Always Write Something goes to the heart of this idea. Get in front of roadblocks by sharing ideas as early as possible. We encourage teams to RFC ideas before they are fully baked — the feedback they’ll receive could let them explore a direction they wouldn’t otherwise consider and would be reluctant to later.

Assume everyone is operating with everyone’s best interest in mind.

Disagreements are common with RFCs, but they are never about personal issues, slights, offenses or politics.

Klassic Klaviyo Meme

If you have an opinion, make sure you explain it clearly and completely.

As a corollary, if you receive a comment, please return the courtesy with a reply.

We’re all working towards a better Klaviyo application.

Any one engineer’s “ownership” of code or service is really a temporary stewardship. The corporation owns the code and it’s our job to make sure it’s the highest quality possible.

Stick to a consistent routine.

The ARB developed and supported several strategies to foster this healthy etiquette. For example, I developed a lightweight Django app to manage scheduling and stakeholder alerting (on Slack). While it’s not necessary that an ARB exists to manage the RFC process, it is essential that some individual or group own the process and make sure everyone remains committed. The additional overhead to create this app was well worth the efficiency gains we’ve seen from establishing a routine. Though adhering to the process may feel like an administrative chore, doing so consistently makes managing the process easier in the long run.

Screenshot from our RFC Bot in Slack

A real example

But of course none of that process will be of any help unless the underlying content is good. Here are a few examples from our 2021 Deployment Trains RFC authored by our Velocity SRE team. I’ve chosen that RFC because you can read about the system in our Thomas the Deployer blog post.

Here was the problem statement. Short, sweet, and clear:

As the engineering organization grows, we continue to have more and more people who wish to deploy every day. We need a better way to deploy changes that doesn’t add a significant amount of time for every ticket.

Here was the background. It’s clear and starts to draw lines around the scope of this RFC.

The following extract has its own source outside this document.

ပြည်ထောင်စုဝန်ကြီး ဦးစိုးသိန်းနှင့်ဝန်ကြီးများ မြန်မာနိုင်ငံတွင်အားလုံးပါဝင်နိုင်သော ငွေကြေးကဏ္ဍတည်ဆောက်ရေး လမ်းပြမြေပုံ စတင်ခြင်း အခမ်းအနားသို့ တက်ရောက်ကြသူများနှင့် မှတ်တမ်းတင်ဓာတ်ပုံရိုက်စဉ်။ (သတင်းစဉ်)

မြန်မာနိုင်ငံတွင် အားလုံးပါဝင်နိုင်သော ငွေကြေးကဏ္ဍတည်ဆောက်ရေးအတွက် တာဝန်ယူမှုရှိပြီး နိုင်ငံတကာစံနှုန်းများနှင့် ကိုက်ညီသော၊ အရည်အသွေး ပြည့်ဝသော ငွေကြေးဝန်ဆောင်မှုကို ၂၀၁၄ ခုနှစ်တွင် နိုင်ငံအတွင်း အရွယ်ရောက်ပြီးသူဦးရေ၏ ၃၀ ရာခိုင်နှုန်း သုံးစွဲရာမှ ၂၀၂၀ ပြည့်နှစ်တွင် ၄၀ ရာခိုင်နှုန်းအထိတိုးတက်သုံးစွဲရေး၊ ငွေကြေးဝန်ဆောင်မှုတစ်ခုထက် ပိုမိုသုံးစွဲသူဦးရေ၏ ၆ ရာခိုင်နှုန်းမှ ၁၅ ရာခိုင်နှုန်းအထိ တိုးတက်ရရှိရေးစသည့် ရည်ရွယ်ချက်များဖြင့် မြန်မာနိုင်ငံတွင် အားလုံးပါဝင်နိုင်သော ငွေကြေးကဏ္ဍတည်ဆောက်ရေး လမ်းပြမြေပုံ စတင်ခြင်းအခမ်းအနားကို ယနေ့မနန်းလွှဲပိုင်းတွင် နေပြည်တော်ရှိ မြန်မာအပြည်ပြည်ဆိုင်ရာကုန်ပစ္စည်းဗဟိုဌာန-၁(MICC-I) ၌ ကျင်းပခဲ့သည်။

The following snippet, from a few pages into the document, shows the author using a scenario so that reviewers can easily grasp what’s being proposed.

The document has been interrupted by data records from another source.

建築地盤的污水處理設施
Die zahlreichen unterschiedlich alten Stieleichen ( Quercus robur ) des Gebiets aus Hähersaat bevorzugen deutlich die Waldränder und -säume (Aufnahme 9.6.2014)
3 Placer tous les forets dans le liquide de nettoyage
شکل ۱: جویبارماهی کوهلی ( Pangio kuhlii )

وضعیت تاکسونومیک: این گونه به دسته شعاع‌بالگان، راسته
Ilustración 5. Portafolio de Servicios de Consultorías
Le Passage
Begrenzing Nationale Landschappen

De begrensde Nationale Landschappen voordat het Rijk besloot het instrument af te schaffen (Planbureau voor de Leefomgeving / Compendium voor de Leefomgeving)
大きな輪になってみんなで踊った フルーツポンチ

There are lots of ways to do deployment and anyone reading the RFC should be thinking not just about the micro details but if the overall approach makes sense. That’s where it’s useful to read about the alternatives considered by the authoring team. In this RFC there were six top-level bullets in this section, ranging from minor alternatives such as the one shown in the screenshot below to using commercial and open source tools that the team investigated

Finally, the comments and discussions are where the best content lives. They’re invaluable in heading off confusion before any in-person discussions take place. Example:

In the comments, experienced engineers drop gems and words of wisdom such as “don’t test in production.” Comments also drive exploration into important philosophical questions. Here’s an example of the RFC motivating a discussion of the build vs. buy question:

This Deployment Train RFC had 24 reviewers. Keeping as much of the conversation asynchronous as possible helped the reviewers have a productive discussion in person. To organize in person discussions, we have a template section for Open Questions. This keeps everyone on task while holding a productive conversation, and it helps everyone involved achieve the goal of developing the strongest plan possible.

Conclusion

I always write something, because with each RFC, I gain more than I put into the process. Writing thoughts down makes those thoughts crisper and helps me plan. Plus, once written, I can solicit feedback at scale. And, most importantly, feedback sometimes reveals pitfalls that I would have otherwise learned about the hard way months later.

At the same time, socializing RFCs unlocks value for Klaviyo as a whole. My colleagues gain knowledge and insight, and since RFCs are open to everyone, people can learn and contribute even if they’re not involved in a particular system. RFCs are also a type of audit trail of decisions made. (How many times have you come across legacy code and asked “but why?”)

A template and a written process aren’t good enough. An individual or group must maintain quality, nurture the RFC culture, and own updating the process as the organization grows. At Klaviyo, that’s our ARB.

When I joined Klaviyo, I was surprised — especially compared to academia — at how open we were about information. We were encouraged to work transparently, there were dashboards with metrics all over the office, our calendars were all open, and lots of fascinating business information was shared at our weekly company-wide By The Numbers meetings. A few years ago, those ideas were formalized in our official company values, among them collaborate radically, always learning, remarkable work. Our RFC process reflects and reinforces these values. Over 600 RFCs after John’s initial one, I’m proud that writing RFCs has become such an important part of our engineering culture.

--

--